Dr. Stromborg weighs in: Your summary document, Lynn, has a fine-grained analysis of the abrupt policy changes that will be attempted should Trump become Chief Executive again. The most serious threat to DOI is the direct call to reinstate Schedule F as Civil Service personnel procedures. Schedule F explicitly bases political loyalty to the Chief Executive above the Oath to Constitution and the Public that career civil servants now use as guiding principles. This, combined with the disastrous Supreme Court decision repudiating the Chevron Deference, will result in political loyalists dictating policies made for political reasons, not based on public interest or scientific merit.

Immediate Actions

Here the author explains three actions that must be undertaken immediately by the new conservative administration. First he asserts that the Bureau of Land Management HQ “belongs in the American West,” where the bureau manages 245 million acres in 11 western states. He says his decision to move it to the west was “implemented efficiently and effectively,” and he then devotes four paragraphs to explain the benefits of the move and how humanely the HR aspect was handled. Apparently the total cost of the relocation was $17.9 million, which, Pendley explains, “will save money for the American people.” He devotes a paragraph to explaining that point and then another paragraph showing how “the Biden Administration failed to recognize the wisdom” of the move and foolishly relocated it back to D.C. Now “BLM’s ‘top cop’ might as well be on the moon,” he charges. More examples of folly are provided, explaining that the oil, gas, and minerals are in the west, not in D.C. For example, the person responsible for wild horses and burros is in the east again, “despite the fact that the uncontrolled growth of wild horses and burros poses an existential threat to public lands” in the west. He provides one more paragraph detailing the losses incurred by the move of the bureau back east.

Dr. Stromborg weighs in: The proposed evisceration of BLM headquarters under the pretense of moving staff closer to their responsibilities is absurd. The line staff were already positioned near their Federal lands (97% of employees diffused across the West in field offices). The handful of positions in DC were mostly upper management folks who dealt with political relationships with Congress, other agencies, and DOI managers in the DOI Secretary's office. This was an alternative to making the type of changes finally spelled out in the Schedule F plan. It is tempting to speculate that this was an experiment at politicizing an agency that led to fleshing out the Schedule F scheme.  A perhaps unanticipated result was the mass resignation of senior administrators that foreshadowed the stated objective of replacing experienced executives with political loyalists.

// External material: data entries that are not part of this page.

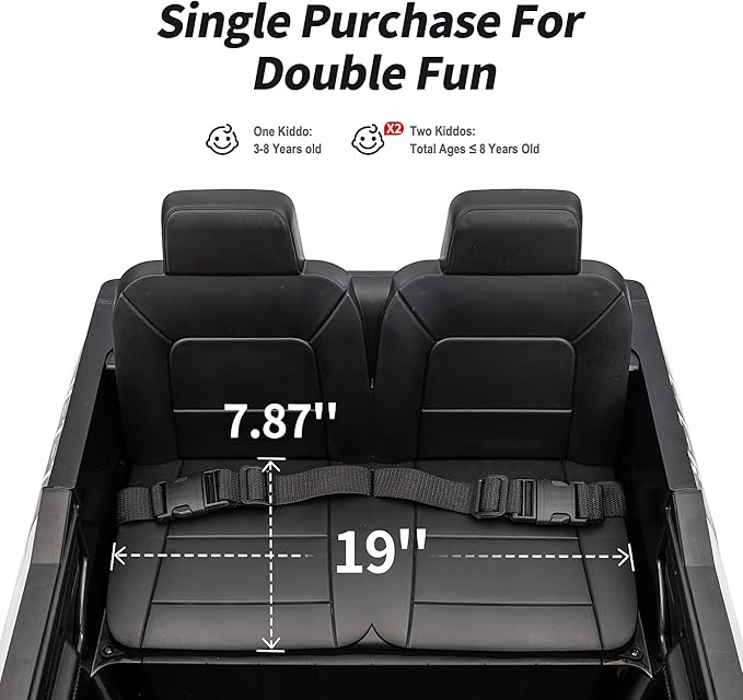 - 19" DUAL SEATER : This battery powered police kids car has ample seater, allowing two children to ride together comfortably under 110lbs. Adjustable seat belts and double-locking door design also ensure kid's safety.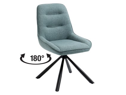 Jídelní židle se světle modrým textilním potahem a černou kovovou konstrukcí. Otočná o 180°. Výška sedu 47 cm, nosnost 120 kg. Moderní a praktický doplněk pro váš interiér.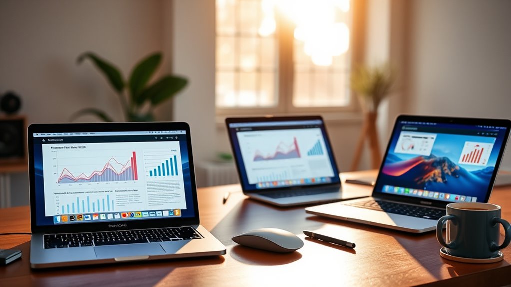 Since seamless integration across devices can greatly enhance your productivity, it’s vital to think about how well a MacBook Pro fits into the Apple ecosystem. Compatibility within this ecosystem allows for effortless connection with my iPhone, iPad, and Apple Watch, making multitasking and data sharing smoother. Features like iPhone Mirroring, Messages, and FaceTime work seamlessly across MacBook Pro models, enabling quick communication and collaboration. Using macOS grants me access to exclusive services like iCloud, Continuity, Handoff, and Universal Clipboard, which streamline my workflow. Additionally, the ecosystem supports third-party apps like Microsoft 365 and Adobe Creative Cloud, optimized for macOS. Security is also a priority, with Touch ID and Apple’s encryption protecting sensitive academic and professional data, giving me peace of mind.

Mr. Pendley’s next pressing issue relates to BLM’s law enforcement officers. Following 9/11, he explains, Congress widely supported recommendations regarding such officers, but one, he says, “remained undone: placing all BLM law enforcement officers (LEOs)... in an exclusively law enforcement chain of command.” Every Inspector General has supported that, he says, but “BLM leadership stonewalled.” That was changed “in the final days of the Trump administration,” and “leadership heads exploded,” we are told. “They were furious with their loss of authority,” Pendley explains. That order [which apparently had been issued by Pendley himself] was suspended early in the Biden administration.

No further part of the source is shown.